Stop at the line containing "Chaises pliables de": every line of the listing from the first up to that one must be set down exactly.
::: RECORDS FOR THIS EXERCISE
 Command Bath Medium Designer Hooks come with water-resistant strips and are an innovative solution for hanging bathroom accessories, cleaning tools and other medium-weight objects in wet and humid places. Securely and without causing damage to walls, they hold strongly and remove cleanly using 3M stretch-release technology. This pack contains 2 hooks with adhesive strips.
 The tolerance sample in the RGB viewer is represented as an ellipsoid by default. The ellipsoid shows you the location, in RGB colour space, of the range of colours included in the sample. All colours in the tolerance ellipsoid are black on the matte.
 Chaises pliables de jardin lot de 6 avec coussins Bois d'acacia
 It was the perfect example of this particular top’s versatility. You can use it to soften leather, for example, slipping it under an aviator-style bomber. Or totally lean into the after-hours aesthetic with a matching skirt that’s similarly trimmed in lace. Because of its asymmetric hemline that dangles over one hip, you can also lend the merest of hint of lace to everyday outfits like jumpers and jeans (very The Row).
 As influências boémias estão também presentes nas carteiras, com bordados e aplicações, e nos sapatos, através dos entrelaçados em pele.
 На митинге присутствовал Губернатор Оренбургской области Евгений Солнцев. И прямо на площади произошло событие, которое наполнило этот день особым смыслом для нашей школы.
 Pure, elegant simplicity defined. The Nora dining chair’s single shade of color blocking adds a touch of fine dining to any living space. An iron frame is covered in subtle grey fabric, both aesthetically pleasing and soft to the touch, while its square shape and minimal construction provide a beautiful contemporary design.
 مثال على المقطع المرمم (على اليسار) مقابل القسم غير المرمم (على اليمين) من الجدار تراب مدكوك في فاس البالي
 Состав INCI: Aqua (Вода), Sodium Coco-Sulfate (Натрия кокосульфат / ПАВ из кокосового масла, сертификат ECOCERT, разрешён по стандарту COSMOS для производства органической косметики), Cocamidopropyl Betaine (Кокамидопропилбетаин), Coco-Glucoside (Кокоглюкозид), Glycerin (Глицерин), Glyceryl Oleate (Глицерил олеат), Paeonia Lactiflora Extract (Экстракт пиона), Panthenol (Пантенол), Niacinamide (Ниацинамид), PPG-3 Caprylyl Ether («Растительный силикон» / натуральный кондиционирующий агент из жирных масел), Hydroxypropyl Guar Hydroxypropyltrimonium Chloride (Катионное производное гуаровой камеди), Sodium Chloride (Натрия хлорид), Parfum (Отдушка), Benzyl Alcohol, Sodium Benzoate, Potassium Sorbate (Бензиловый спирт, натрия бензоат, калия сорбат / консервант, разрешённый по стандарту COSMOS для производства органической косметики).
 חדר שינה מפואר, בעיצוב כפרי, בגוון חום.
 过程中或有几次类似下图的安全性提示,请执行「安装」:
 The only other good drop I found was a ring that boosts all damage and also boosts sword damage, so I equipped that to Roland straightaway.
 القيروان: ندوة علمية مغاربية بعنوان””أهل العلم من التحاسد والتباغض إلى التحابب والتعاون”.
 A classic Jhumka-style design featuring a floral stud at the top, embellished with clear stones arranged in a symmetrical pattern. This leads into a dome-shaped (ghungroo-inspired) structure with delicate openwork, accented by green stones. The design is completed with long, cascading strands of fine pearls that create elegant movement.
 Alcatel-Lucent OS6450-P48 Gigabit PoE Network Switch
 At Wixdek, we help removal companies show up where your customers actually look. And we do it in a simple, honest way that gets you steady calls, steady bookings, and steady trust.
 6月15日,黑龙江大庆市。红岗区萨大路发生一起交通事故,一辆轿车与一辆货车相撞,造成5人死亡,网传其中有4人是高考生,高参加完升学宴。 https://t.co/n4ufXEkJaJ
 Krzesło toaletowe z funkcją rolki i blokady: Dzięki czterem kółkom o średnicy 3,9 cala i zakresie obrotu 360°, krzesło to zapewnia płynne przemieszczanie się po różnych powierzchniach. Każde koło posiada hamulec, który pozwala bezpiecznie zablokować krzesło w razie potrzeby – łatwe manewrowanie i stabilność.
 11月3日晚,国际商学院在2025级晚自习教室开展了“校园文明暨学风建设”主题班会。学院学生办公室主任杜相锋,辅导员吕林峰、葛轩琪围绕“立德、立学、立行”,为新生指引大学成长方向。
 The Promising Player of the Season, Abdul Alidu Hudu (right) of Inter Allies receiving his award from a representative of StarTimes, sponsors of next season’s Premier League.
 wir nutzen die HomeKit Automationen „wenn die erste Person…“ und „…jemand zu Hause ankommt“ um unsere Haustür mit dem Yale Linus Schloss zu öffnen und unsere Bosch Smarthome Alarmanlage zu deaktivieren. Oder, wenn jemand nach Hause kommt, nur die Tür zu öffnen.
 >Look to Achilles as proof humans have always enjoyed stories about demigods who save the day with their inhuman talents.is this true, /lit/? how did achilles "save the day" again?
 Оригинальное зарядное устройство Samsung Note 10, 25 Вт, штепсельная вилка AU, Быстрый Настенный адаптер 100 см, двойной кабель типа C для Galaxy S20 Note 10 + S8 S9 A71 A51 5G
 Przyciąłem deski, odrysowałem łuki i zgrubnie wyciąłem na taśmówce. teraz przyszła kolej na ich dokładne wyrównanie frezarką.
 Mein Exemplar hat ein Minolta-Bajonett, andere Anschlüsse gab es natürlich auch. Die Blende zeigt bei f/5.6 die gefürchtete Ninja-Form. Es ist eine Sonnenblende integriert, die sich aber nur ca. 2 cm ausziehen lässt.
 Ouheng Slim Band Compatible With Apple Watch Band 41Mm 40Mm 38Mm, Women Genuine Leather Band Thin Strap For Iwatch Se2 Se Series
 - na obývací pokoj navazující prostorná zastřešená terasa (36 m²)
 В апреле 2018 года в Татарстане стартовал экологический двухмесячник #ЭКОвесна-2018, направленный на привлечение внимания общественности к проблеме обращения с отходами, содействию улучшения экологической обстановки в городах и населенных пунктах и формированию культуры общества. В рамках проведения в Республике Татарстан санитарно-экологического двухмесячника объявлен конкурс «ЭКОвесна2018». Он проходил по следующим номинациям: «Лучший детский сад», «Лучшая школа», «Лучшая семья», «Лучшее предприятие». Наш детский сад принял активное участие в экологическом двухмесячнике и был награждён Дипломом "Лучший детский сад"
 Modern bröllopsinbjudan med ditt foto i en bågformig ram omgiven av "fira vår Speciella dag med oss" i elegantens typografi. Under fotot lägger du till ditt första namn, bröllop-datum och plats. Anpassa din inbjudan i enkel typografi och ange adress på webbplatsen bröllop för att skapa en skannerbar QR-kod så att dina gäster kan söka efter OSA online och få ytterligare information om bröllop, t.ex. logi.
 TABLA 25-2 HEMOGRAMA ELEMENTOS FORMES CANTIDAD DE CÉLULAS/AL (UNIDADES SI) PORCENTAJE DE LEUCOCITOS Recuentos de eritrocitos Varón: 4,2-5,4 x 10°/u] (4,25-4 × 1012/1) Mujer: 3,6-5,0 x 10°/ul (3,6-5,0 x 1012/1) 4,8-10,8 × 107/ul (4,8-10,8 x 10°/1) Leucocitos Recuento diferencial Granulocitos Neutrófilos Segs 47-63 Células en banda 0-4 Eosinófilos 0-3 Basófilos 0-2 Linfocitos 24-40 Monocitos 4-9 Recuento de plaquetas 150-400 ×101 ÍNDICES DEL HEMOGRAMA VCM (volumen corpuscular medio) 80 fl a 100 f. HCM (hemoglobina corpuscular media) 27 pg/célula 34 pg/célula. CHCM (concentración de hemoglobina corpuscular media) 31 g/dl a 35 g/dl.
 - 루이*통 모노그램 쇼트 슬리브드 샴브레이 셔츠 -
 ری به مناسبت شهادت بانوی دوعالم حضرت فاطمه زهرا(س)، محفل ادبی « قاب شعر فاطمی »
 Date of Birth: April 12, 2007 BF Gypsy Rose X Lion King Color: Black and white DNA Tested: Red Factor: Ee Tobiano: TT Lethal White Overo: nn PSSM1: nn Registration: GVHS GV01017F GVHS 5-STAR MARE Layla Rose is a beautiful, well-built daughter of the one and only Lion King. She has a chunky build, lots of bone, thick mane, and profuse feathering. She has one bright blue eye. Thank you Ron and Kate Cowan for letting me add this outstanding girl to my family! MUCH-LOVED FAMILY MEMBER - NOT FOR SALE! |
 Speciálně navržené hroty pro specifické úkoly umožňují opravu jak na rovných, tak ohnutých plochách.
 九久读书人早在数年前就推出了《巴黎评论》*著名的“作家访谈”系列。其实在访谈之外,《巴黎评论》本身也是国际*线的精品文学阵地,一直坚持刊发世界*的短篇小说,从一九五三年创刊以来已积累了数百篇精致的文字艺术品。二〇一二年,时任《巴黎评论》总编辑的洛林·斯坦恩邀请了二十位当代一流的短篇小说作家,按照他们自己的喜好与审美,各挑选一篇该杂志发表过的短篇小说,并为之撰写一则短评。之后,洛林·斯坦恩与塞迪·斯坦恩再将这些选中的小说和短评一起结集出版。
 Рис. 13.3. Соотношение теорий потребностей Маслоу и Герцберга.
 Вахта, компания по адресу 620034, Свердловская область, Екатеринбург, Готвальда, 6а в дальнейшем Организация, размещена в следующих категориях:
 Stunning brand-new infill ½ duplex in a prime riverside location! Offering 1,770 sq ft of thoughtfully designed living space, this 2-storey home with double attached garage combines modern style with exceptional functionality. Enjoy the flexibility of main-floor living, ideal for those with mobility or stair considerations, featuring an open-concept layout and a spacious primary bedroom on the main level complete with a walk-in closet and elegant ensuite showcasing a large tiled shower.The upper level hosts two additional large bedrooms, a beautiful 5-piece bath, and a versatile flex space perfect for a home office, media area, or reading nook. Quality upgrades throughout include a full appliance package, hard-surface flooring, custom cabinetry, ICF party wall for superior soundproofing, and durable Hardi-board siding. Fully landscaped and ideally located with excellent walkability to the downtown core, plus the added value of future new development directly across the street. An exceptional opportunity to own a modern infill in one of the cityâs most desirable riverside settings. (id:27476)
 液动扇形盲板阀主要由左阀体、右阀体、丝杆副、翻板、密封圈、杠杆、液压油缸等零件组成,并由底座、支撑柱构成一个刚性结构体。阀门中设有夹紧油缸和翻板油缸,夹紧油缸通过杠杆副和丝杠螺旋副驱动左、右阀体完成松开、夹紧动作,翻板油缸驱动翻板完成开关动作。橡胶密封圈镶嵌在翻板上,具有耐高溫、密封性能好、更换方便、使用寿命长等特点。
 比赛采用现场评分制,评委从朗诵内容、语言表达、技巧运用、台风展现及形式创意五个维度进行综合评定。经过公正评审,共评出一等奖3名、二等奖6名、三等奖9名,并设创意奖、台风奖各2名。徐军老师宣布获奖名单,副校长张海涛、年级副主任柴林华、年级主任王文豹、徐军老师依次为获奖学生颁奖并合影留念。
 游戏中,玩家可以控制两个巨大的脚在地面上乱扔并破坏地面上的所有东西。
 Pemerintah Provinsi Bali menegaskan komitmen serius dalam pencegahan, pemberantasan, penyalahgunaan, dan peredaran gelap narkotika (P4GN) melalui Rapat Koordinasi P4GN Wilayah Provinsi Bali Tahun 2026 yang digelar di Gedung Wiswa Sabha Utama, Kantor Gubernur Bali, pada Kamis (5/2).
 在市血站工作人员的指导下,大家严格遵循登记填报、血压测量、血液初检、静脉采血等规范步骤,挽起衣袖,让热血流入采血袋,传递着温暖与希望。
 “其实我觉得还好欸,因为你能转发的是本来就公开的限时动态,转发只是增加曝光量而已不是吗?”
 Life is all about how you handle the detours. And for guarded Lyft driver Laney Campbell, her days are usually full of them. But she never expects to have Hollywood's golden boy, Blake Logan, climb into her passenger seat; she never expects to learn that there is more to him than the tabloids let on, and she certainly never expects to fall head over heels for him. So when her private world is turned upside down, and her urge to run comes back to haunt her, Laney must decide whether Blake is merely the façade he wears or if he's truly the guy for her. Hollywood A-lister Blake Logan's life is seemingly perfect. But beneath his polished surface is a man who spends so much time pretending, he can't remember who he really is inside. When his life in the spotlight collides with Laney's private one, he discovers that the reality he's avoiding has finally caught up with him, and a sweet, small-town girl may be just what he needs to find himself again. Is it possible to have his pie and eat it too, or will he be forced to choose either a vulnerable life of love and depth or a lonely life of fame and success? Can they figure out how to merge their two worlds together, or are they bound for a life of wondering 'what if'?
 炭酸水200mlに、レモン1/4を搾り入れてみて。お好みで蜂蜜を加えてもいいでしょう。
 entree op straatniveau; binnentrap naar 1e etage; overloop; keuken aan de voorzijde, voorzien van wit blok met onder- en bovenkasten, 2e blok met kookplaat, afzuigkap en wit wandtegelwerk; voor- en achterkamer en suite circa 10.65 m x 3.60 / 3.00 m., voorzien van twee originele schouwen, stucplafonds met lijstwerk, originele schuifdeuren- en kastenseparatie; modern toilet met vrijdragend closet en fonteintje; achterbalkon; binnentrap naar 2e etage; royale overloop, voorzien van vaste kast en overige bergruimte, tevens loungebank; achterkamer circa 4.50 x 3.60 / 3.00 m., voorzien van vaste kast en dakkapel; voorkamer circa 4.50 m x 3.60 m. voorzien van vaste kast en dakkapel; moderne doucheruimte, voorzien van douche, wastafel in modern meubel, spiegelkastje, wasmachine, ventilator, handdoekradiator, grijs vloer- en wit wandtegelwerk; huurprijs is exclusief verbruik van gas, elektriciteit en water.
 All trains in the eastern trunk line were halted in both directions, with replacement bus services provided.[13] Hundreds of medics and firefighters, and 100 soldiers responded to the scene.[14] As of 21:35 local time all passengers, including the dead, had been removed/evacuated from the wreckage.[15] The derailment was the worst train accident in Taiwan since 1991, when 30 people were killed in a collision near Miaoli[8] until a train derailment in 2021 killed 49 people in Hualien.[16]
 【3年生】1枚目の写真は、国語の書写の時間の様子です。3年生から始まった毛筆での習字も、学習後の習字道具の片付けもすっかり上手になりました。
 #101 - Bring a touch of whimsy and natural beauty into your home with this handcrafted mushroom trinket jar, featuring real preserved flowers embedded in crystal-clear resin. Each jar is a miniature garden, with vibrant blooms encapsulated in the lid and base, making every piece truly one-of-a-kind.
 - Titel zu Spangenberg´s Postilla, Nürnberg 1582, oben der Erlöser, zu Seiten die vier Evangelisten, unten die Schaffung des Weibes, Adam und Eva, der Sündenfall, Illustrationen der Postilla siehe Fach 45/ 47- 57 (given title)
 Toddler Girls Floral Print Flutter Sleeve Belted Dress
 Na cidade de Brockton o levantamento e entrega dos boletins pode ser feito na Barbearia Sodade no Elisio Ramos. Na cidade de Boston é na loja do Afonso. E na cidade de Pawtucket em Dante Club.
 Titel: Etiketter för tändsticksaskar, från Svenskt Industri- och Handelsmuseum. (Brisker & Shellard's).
::::::
== ANSWER SPACE ==
 Command Bath Medium Designer Hooks come with water-resistant strips and are an innovative solution for hanging bathroom accessories, cleaning tools and other medium-weight objects in wet and humid places. Securely and without causing damage to walls, they hold strongly and remove cleanly using 3M stretch-release technology. This pack contains 2 hooks with adhesive strips.
 The tolerance sample in the RGB viewer is represented as an ellipsoid by default. The ellipsoid shows you the location, in RGB colour space, of the range of colours included in the sample. All colours in the tolerance ellipsoid are black on the matte.
 Chaises pliables de jardin lot de 6 avec coussins Bois d'acacia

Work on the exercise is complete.